How Playdate Secured a PG-13 Using DeepEditor™
Playdate, an action comedy starring Isla Fisher and Kevin James, used Flawless’ DeepEditor to seamlessly replace five profane lines late in post-production – securing a PG-13 rating without reshoots, creative compromise, or losing the film’s comedic edge.
It’s late in the day as Isla Fisher and Kevin James step into a park to shoot a scene for Playdate, an action comedy that would later debut at #1 on Prime Video.
The day in Maple Ridge, British Columbia, has already been a marathon: a lacrosse game, parking lot sequence, shifting set ups.
And now an impending sunset. With the natural light quickly disappearing, the team would have to be pragmatic. Shoot wide and close simultaneously. Grab as many takes as possible.
What they didn’t clock in the rush was that they had not captured profanity-free “safe” takes.
Unbeknownst to the team during the shoot, this park scene – along with several others – would later set the film on a path toward an MPA ‘R’ rating.

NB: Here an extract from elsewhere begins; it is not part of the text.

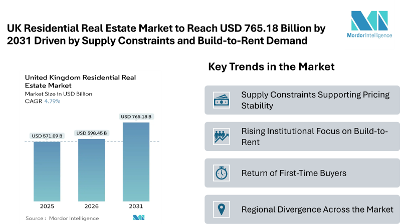 According to Mordor Intelligence, the UK residential real estate market size is valued at USD 598.45 billion in 2026 and is expected to reach USD 765.18 billion by 2031, growing at a CAGR of 4.79%. The market growth reflects a steady recovery supported by strong demand fundamentals, limited housing supply, and continued interest from institutional investors. Despite affordability concerns in certain regions, the overall market forecast remains stable.

And that would cause problems with the movie's eventual distribution.
A Late-Stage Curveball
During test screenings, “it kind of became really clear that the studio wanted the movie to be PG-13”, recalls producer Jason Benoit, who we interviewed over Zoom in December 2025 following the film’s successful release.

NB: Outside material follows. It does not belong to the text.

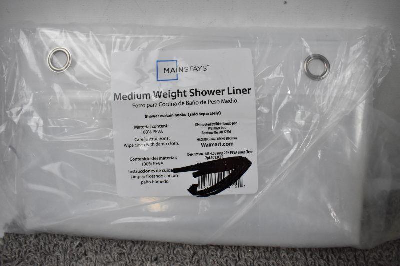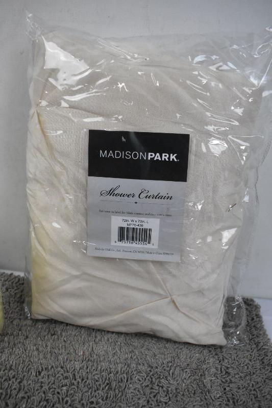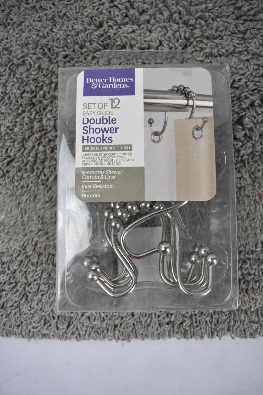 6 Piece Bathroom Decor Set: Shower Curtain, Liner & Hooks, Rug, Towel Bar - New

For Jason, this wasn’t a surprise. The film was meant to be an edgy, laugh-out-loud comedy: a movie born from a mantra: “Are you having fun?” The kind of film he could watch with his kids and a reminder of why he fell in love with movies in the first place.
But with everything in the locked cut meticulously poured over, how would the team remove curse words and secure a PG-13 – without disturbing the tone, or voice of the director?
Because what was at stake went beyond the distribution: the creative vision of director Luke Greenfield – the renowned director with an instinct for blending heart, humor, and cinematic style with films like The Girl Next Door (2004) – was at stake, too.
“I think the director's vision and a movie's vision is really so important because the reason that you hire somebody or a particular somebody to come on to do a project is because they have a voice,” says Jason.
Changing anything about the film, at this stage, put the very essence of the film at risk.
Here’s Our Problem: We Don’t Have It
The team was in post in Los Angeles. As far as they saw it, four ideas of what to do: recut with different takes, edit out swearing lines or scenes, standard ADR, or reshoot.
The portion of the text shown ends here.